Topic: free monad as initial algebra

Asad Saeeduddin (Sep 20 2021 at 00:46):

in programming contexts, i usually see the "free monad" formulated as the initial algebra of the endofunctor $\mathbf{1} + F \otimes -$ on the category of endofunctors on typed functions (where $+$ and $\otimes$ denote functor coproduct and composition respectively).

is there somewhere i can see a proof of this construction producing the "free monad monad" on the category of endofunctors? the reason i'm a bit confused is that it seems elsewhere online, the use of the $\mu ( \mathbf{1} + F \otimes - )$ "formula" to calculate the free monoid seems to rely on a distributive relationship $X \otimes (Y + Z) \cong (X \otimes Y) + (X \otimes Z)$ between $\otimes$ and $+$, and in general we can't witness this for arbitrary endofunctors in a programming context. for example, there's no way to purely reveal the result of a side-effectful computation, as would be implied by distribute :: IO (F a + G a) -> IO (F a) + IO (G a)

to give an example of sources that refer to distributivity between monoidal structures: https://ncatlab.org/nlab/show/free+monoid (which doesn't include a proof) says: image.png

and Bartosz Milewski's excellent blog post:

image.png

Mike Shulman (Sep 20 2021 at 01:01):

In the absence of distributivity, you need a different construction of the free monad on an endofunctor, but the free monad still exists (assuming niceness hypotheses). See for instance https://ncatlab.org/nlab/show/transfinite+construction+of+free+algebras.

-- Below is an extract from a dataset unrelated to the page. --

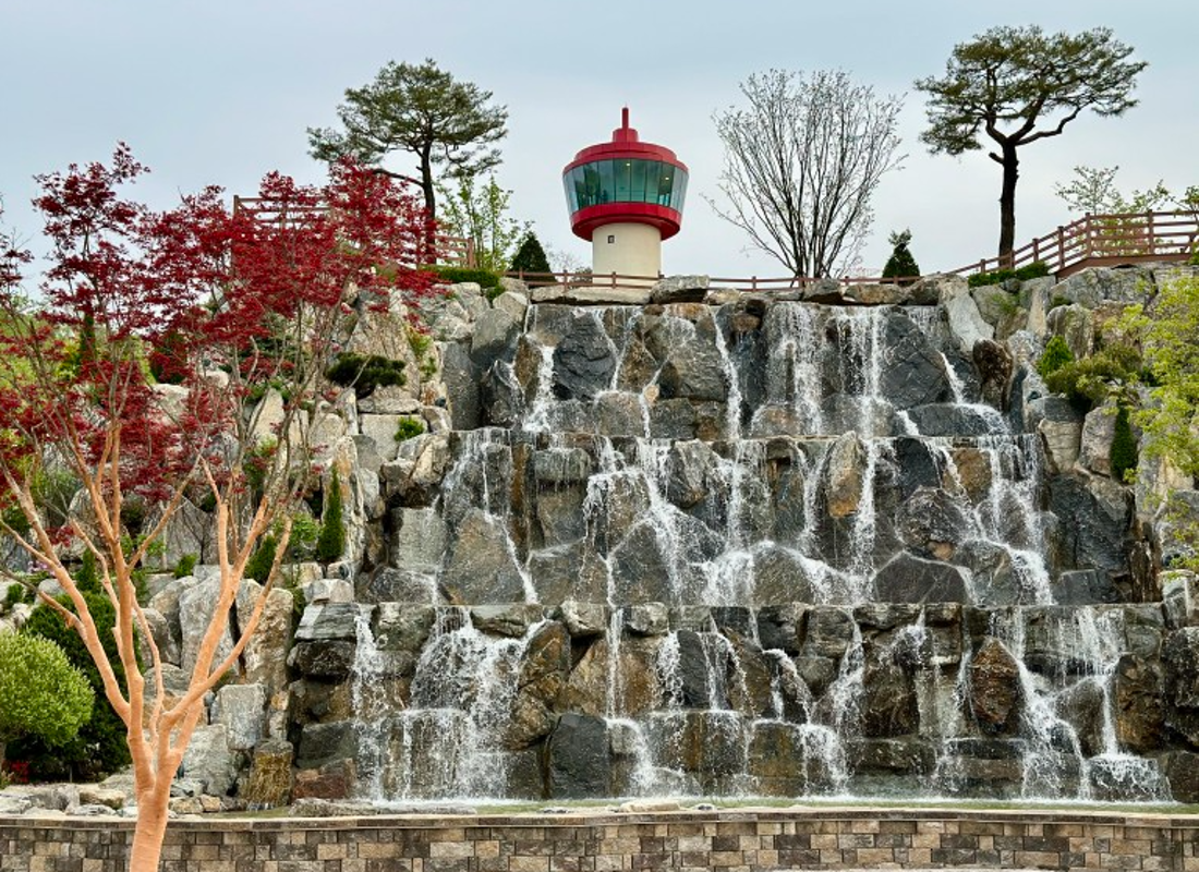 빗방울처럼 물줄기 떨어지는 폭포 아래 벤치에서 사진 촬영 명소로 인기 - 90계단 전망대 오르기

Asad Saeeduddin (Sep 20 2021 at 01:03):

@Mike Shulman i see. does the solution still take roughly the same form (perhaps we still use $\mu (\mathbf{1} + F \otimes -)$, but restrict ourselves in $F$?) or do we need something totally different?

Mike Shulman (Sep 20 2021 at 01:06):

I don't know what you mean by $\mu(\mathbf{1}+F\otimes -)$.

Mike Shulman (Sep 20 2021 at 01:07):

To me, $\mu$ in this context denotes a least fixed point, which is a characterization of something by a property, not a construction of it.

Mike Shulman (Sep 20 2021 at 01:07):

And what is $\mathbf{1}$?

Mike Shulman (Sep 20 2021 at 01:10):

I'm guessing that by $\mathbf{1}$ you mean the identity endofunctor, and $\otimes$ means the tensor product in the monoidal category of endofunctors, so that $\mu(\mathbf{1}+F\otimes -)$ denotes the left $F$-module freely generated by the unit object in that monoidal category.

Mike Shulman (Sep 20 2021 at 01:11):

So maybe your question is whether, in the general case, the free monad generated by an endofunctor $F$ is also the free left $F$-module generated by the unit?

Mike Shulman (Sep 20 2021 at 01:17):

I don't have time to work out the details right now, but I think that should probably follow from the fact that the free monad is in fact algebraically-free.

Asad Saeeduddin (Sep 20 2021 at 01:24):

@Mike Shulman ah, sorry for being unclear. you've inferred most of what i was trying to say from my confused writing, but i'll try to spell it out anyway:

i am indeed assuming the existence of an (equivalence class of) object characterized by a property. specifically, by $(\mathbf{1} + F \otimes -) : [[\mathcal{C}, \mathcal{C}], [\mathcal{C}, \mathcal{C}]]$ i'm referring to an endofunctor on a category of endofunctors. and by $\mu (\mathbf{1} + F \otimes -) : [\mathcal{C}, \mathcal{C}]$, i'm referring to an object that i assume exists: the carrier of the initial object in the category of F-algebras of $(\mathbf{1} + F \otimes -)$.

and yes, $1$ is the identity functor, $+$ is functor coproduct (we assume that $\mathcal{C}$ is suitable so that this exists), and $\otimes$ is the functor composition monoidal structure on the endofunctor-category $[\mathcal{C}, \mathcal{C}]$.

i'll look through the resources you gave me and hopefully try to muddle through, thank you

Nathanael Arkor (Sep 20 2021 at 10:28):

I think the paper List Objects with Algebraic Structure of Fiore and Saville might also be a helpful place to look, as it has related discussion.